Some points are within the ‘Eteläinen’ district, but others are not. To find out which are the ones inside the district, we can use a point-in-polygon query, this time on the entire geopandas.GeoDataFrame
. Its method within()
returns Boolean (True
/False
) values that indicate whether or not a row’s geometry is contained in the supplied other geometry:
Geometry vs. geometry column
In the example below, we use southern.at[0, "geometry"]
to obtain a single value, a shapely.geometry.Polygon
, instead of an entire column (a GeoSeries
). This ensures that each row’s geometry in the addresses
data frame is matched against the same polygon.

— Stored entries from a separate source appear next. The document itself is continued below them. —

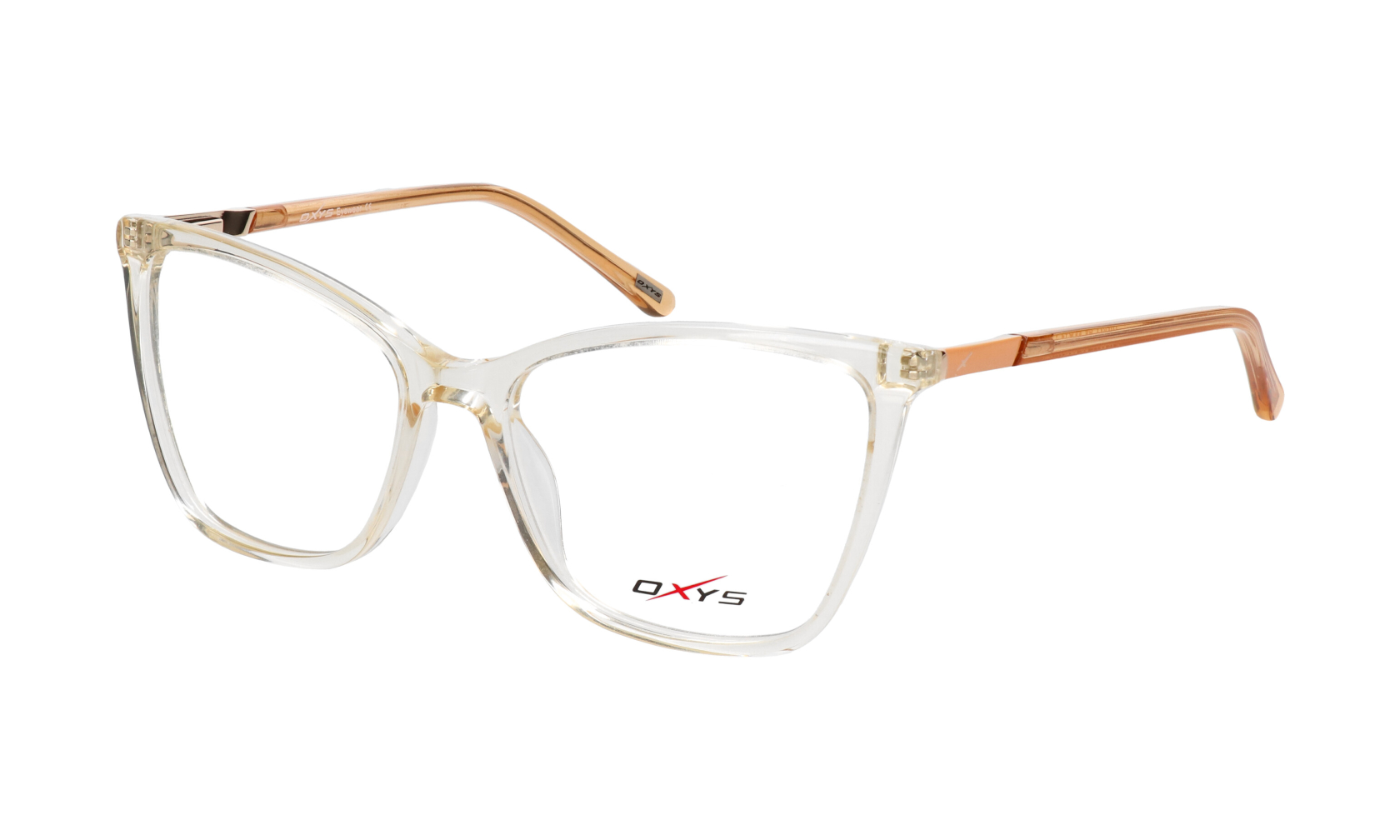 Damska oprawka korekcyjna OXYS TP 5014 c.6 wyróżnia się przezroczystym frontem i minimalistycznymi zausznikami. Bardzo twarzowe okulary w kształcie kociego oka z dużymi soczewkami.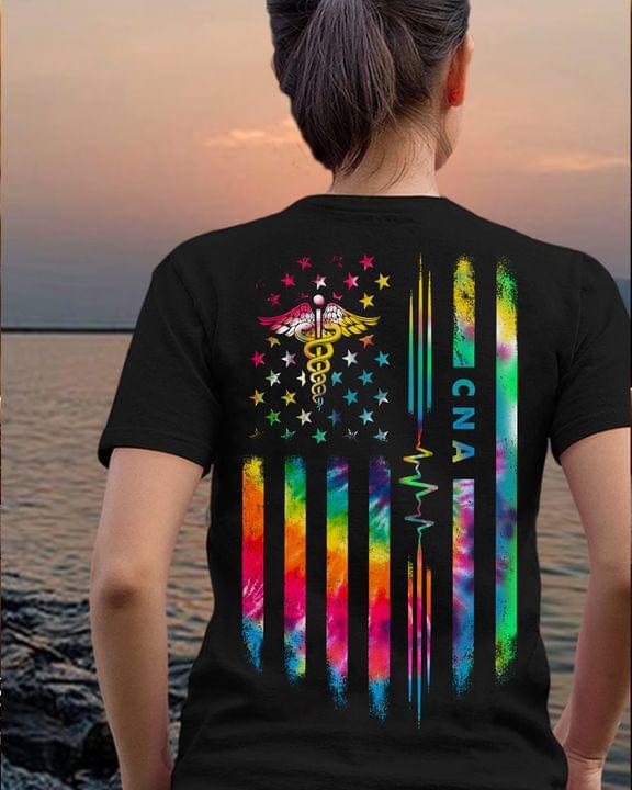 Cna Rainbow Heart Beats Emt Logo Stars Shirt (back Side)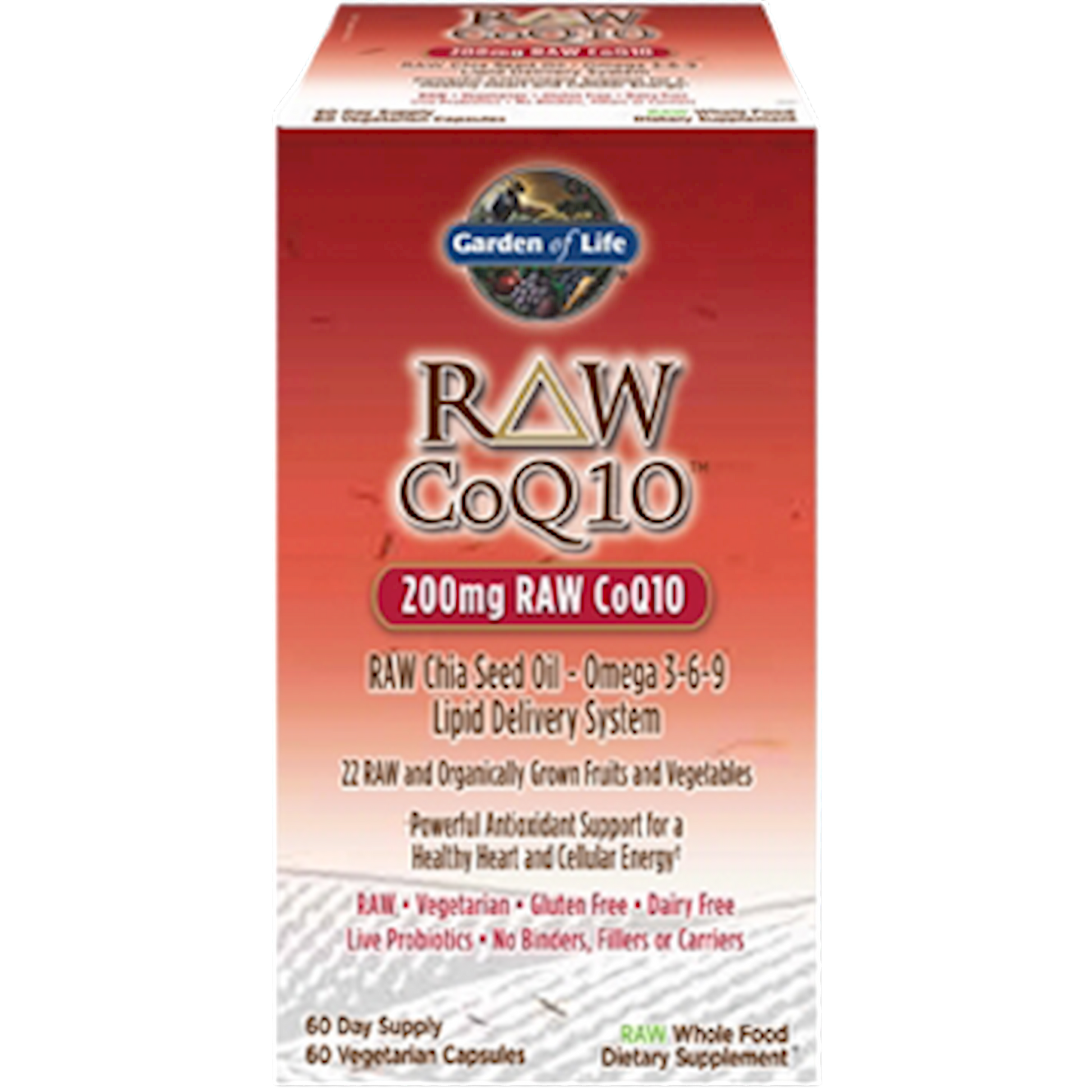 RAW CoQ10 delivers 200mg of the food form of CoQ10 in a base of RAW cold-pressed chia seed oil in just one capsule daily. This unique lipid delivery system is free of artificial ingredients and ensures that this important fat-soluble antioxidant is well absorbed.* Garden of Life RAW CoQ10 is a powerful formula that delivers 200mg of RAW CoQ10 per serving. Fat soluble CoQ10 features a unique lipid delivery systema RAW, cold-pressed chia seed oil omega 3-6-9 matrixfor high absorption.* CoQ10 is a fat-soluble, antioxidant and electron-transporting coenzyme that is well known as an effective scavenger of oxygen free radicals.* RAW means no high heat, synthetic binders, fillers, artificial flavors, sweeteners, colors or additives commonly used intablets. RAW CoQ10 is whole foodRAW Food-Created Nutrients blended in a base of organically grown fruits and vegetables together with food cofactors. RAW CoQ10 Benefits: Supports cardiovascular function and heart health* Offers powerful antioxidant supportagainst free radicals* Has live probiotics to support healthy digestion* No Binders, Fillers, Artificial Flavors or Sweeteners RAW CoQ10 a powerful formula that delivers 200mg of RAW CoQ10 per serving, featuring a unique lipid delivery systema RAW, cold-pressed chia seed oil omega 3-6-9 matrixfor high absorption.*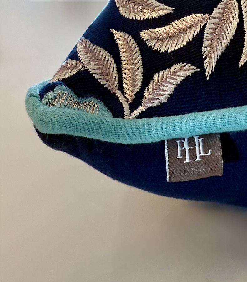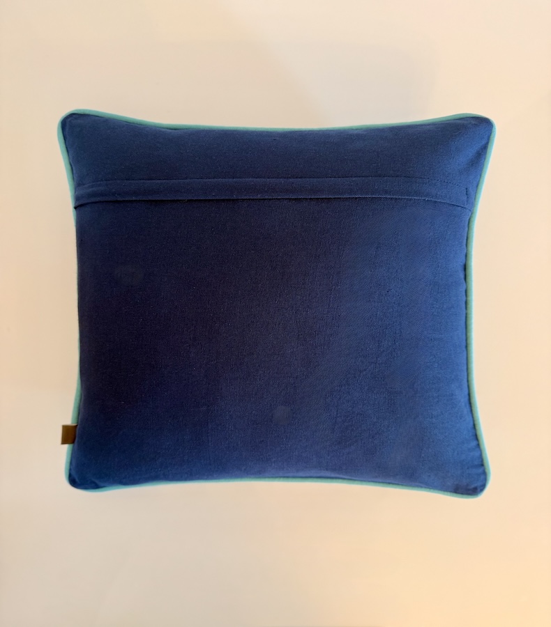 Unser Kissenbezug Blue Pomegranate ist eine Hommage an die Schönheit und Symbolkraft des Granatapfels – Sinnbild für Fülle, Lebensfreude und zeitlose Eleganz. Auf tiefblauem Grund entfalten sich kunstvolle Stickereien in sanften Türkis- und Cremetönen, die das traditionelle Motiv in moderner Form interpretieren. Jeder Bezug wird sorgfältig gearbeitet und trägt die Seele indischer Handwerkskunst in sich. Blue Pomegranate setzt nicht nur einen stilvollen Farbakzent, sondern verleiht jedem Raum Ruhe, Harmonie und einen Hauch von fernöstlicher Raffinesse. Jedes Kissen erzählt seine eigene Geschichte von Schönheit und Kultur.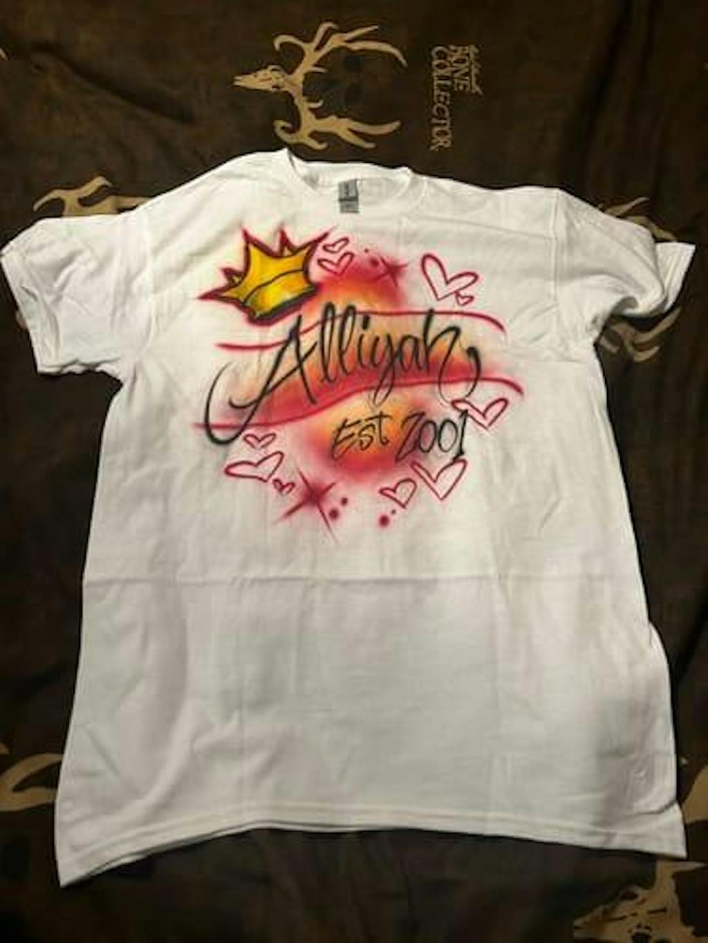 Show your style boldly with a personalized 'Script Crown + Tiny Hearts' airbrush design. Ideal for special occasions, unique apparel, or unforgettable gifts.

In contrast, if we ran within()
against a column, the operation would be carried out row-wise: the first address point would be checked against the first polygon, the second address point against the second polygon, and so
forth.
Check the documentation for ``within()` <https://geopandas.org/en/stable/docs/reference/api/geopandas.GeoSeries.within.html>`__ to learn more!
[14]:
addresses.within(southern_district.at[0, "geometry"])
[14]:
0 True
1 True
2 True
3 False
4 True
5 False
6 False
7 False
8 False
9 False
10 True
11 False
12 False
13 False
14 False
15 False
16 False
17 False
18 False
19 False
20 False
21 False
22 False
23 False
24 False
25 False
26 False
27 False
28 False
29 False
30 True
31 True
32 True
33 True
dtype: bool
This list of Boolean values, also called a mask array can be used to filter the input data frame:
[15]:
addresses_in_the_southern_district = addresses[
addresses.within(southern_district.at[0, "geometry"])
]
addresses_in_the_southern_district
[15]:
address | geometry | |
---|---|---|
0 | Ruoholahti, 14, Itämerenkatu, Ruoholahti, Läns... | POINT (24.91556 60.1632) |
1 | 1, Kampinkuja, Kamppi, Eteläinen suurpiiri, He... | POINT (24.93009 60.16846) |
2 | Espresso House, 8, Kaivokatu, Keskusta, Kluuvi... | POINT (24.94153 60.17016) |
4 | 9, Tyynenmerenkatu, Jätkäsaari, Länsisatama, E... | POINT (24.92151 60.15662) |
10 | Rautatientori, Keskusta, Kluuvi, Eteläinen suu... | POINT (24.94263 60.1709) |
30 | Kampin keskus, 1, Urho Kekkosen katu, Kamppi, ... | POINT (24.93307 60.16908) |
31 | Ruoholahdenkatu, Kamppi, Eteläinen suurpiiri, ... | POINT (24.93031 60.16642) |
32 | 3, Tyynenmerenkatu, Jätkäsaari, Länsisatama, E... | POINT (24.92121 60.15878) |
33 | Old Tea Shop, 4, Vilhonkatu, Kaisaniemi, Kluuv... | POINT (24.94683 60.172) |
Finally, let’s plot this list of addresses one more time to visually verify that all of them, indeed, are located within the ‘Eteläinen’ city district:
[16]:
axes = city_districts.plot(facecolor="grey")
southern_district.plot(ax=axes, facecolor="red")
addresses_in_the_southern_district.plot(
ax=axes,
color="gold",
markersize=5
)
[16]:
<Axes: >

Perfect! Now we are left with only the (golden) points which, indeed, are inside the red polygon. That’s exactly what we wanted!